Worum ging es in der Coinbase-Werbung? Die Werbung zeigte die wirtschaftlichen Probleme im Vereinigten Königreich, wie undichte Häuser und steigende Preise, und schlug vor, dass Krypto eine Lösung für ein kaputtes Finanzsystem sein könnte. Sie wurde vor der Ausstrahlung zurückgezogen, was eine Debatte über Zensur auslöste.
Was sagte der CEO von Coinbase über das Verbot? Brian Armstrong kritisierte das Verbot und argumentierte, es widerspiegele eine veraltete Sichtweise auf Krypto als Glücksspiel und ersticke Innovationen. Er begrüßte die Gegenreaktion und sagte, sie verstärke die Botschaft der Anzeige.
Wie hat die Krypto-Community reagiert? Einige lobten die Werbung dafür, dass sie die Mängel des Finanzsystems hervorhebt, während andere, wie der CEO von Wintermute, sie als eine übertriebene Fehlentscheidung bezeichneten. Die Reaktionen auf X zeigen gemischte Unterstützung, wobei einige die anti-Krypto-Haltung des Vereinigten Königreichs verurteilen.

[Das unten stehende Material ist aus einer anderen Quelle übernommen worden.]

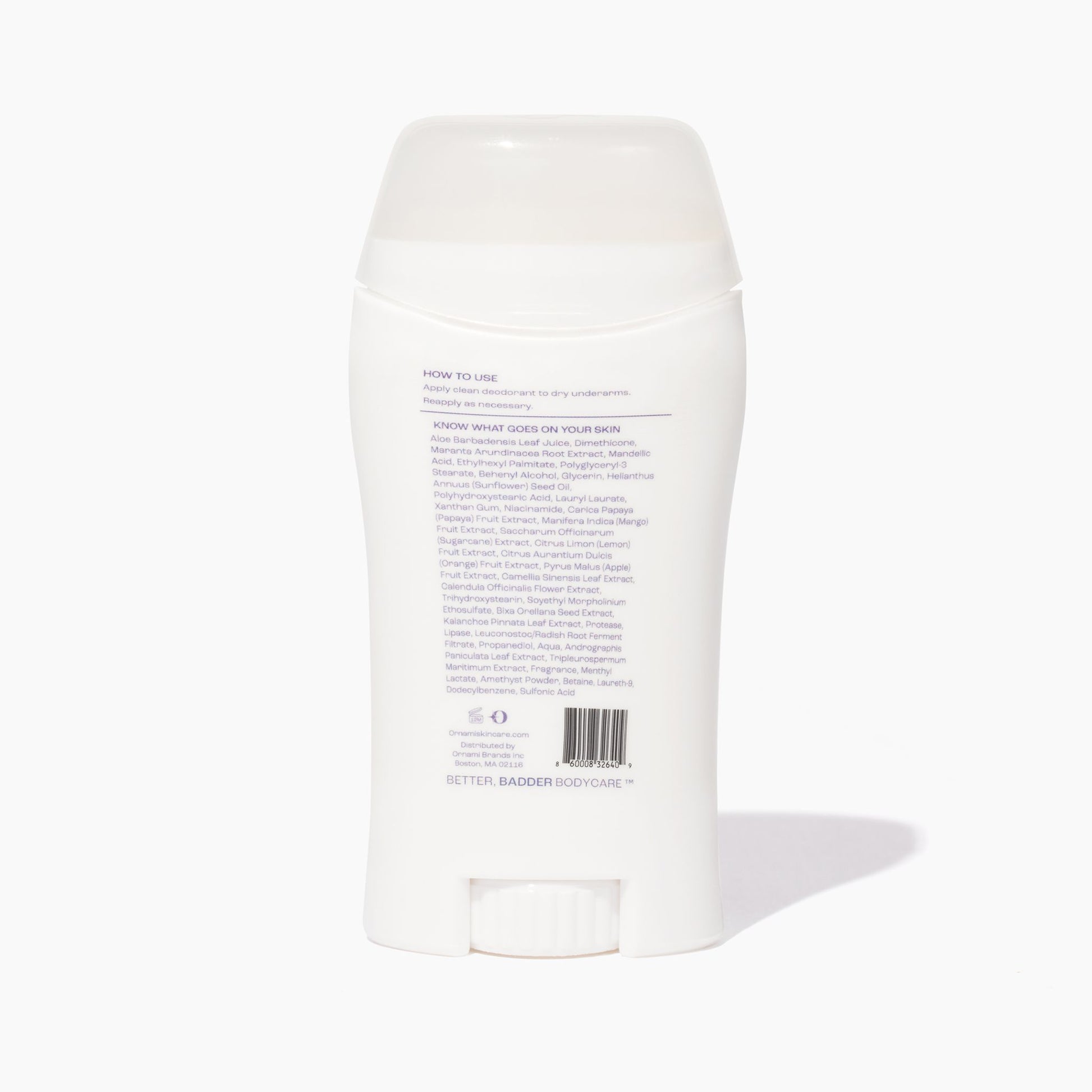 This product blends mandelic acid, aloe vera, and fruit extracts to target stubborn odor and excess moisture while also reducing friction and protecting skin from chafing. Fresh Start is clean, aluminum-free, vegan and cruelty-free.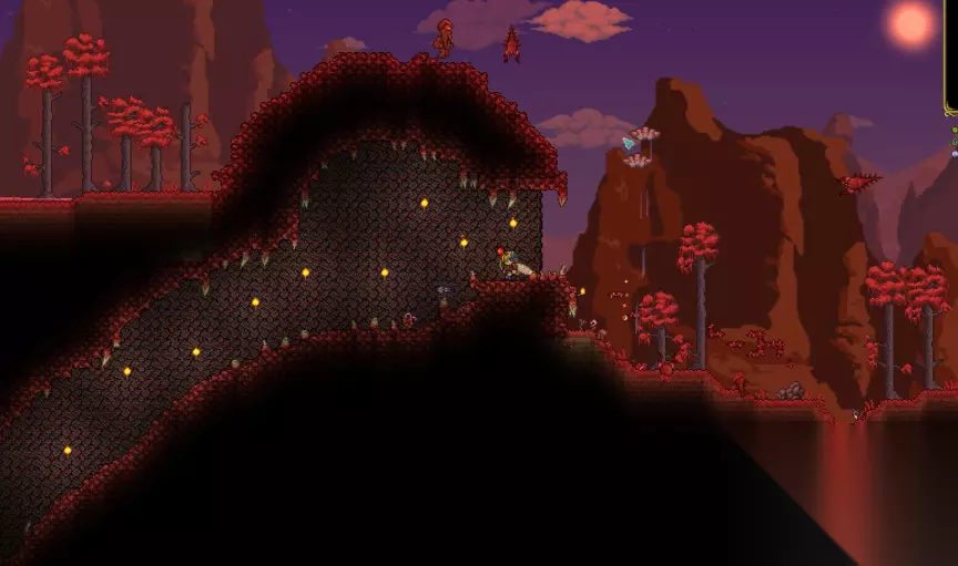 找到猩红祭坛,第一步得确保咱们玩的是猩红世界。创建世界时系统会随机生成猩红或腐化地形,只有猩红世界里才会出现猩红祭坛。确认后,咱们直接进入游戏里的猩红之地(也叫血地),这片区域通常地面是暗红色的,布满扭曲的血管状物和尖刺。到达猩红之地后,咱们的目标是往地下深处探索,具体来说就是找到洞穴层。洞穴层位于地下,深度大约在零高度(地表)到地幔层之间,环境光线变暗,背景出现大量石墙结构,这时候就要睁大眼睛仔细搜寻了。

Was ist der breitere Kontext dieses Verbots? Das Verbot spiegelt die vorsichtige Krypto-Regulierung des Vereinigten Königreichs wider, wobei der ehemalige Kanzler George Osborne warnte, dass das Land hinter den USA und der EU zurückbleibt. Es ist Teil der anhaltenden Spannungen zwischen Krypto-Unternehmen und Regulierungsbehörden.